Data for review ->
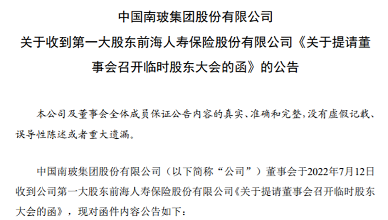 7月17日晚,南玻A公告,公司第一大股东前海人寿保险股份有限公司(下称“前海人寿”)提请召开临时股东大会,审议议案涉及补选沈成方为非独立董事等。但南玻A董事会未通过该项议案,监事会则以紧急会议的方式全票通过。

---

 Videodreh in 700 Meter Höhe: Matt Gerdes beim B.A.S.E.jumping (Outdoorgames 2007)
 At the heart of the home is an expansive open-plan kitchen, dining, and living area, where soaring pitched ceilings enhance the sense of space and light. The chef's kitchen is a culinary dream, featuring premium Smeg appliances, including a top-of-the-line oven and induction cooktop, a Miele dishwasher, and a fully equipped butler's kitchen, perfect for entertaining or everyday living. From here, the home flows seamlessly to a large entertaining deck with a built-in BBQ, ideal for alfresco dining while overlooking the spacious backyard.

...

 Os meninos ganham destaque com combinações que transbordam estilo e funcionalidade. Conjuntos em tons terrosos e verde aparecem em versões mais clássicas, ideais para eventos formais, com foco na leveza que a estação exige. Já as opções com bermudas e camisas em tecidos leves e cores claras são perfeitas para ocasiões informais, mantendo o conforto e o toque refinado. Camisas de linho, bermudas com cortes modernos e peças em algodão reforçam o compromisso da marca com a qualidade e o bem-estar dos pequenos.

Work to be completed -> Out of the entries above, write out only the lines between the line holding "Videodreh in 700" and the line holding "At the heart", inclusive, each exactly as given.

Answer to the exercise ->
 Videodreh in 700 Meter Höhe: Matt Gerdes beim B.A.S.E.jumping (Outdoorgames 2007)
 At the heart of the home is an expansive open-plan kitchen, dining, and living area, where soaring pitched ceilings enhance the sense of space and light. The chef's kitchen is a culinary dream, featuring premium Smeg appliances, including a top-of-the-line oven and induction cooktop, a Miele dishwasher, and a fully equipped butler's kitchen, perfect for entertaining or everyday living. From here, the home flows seamlessly to a large entertaining deck with a built-in BBQ, ideal for alfresco dining while overlooking the spacious backyard.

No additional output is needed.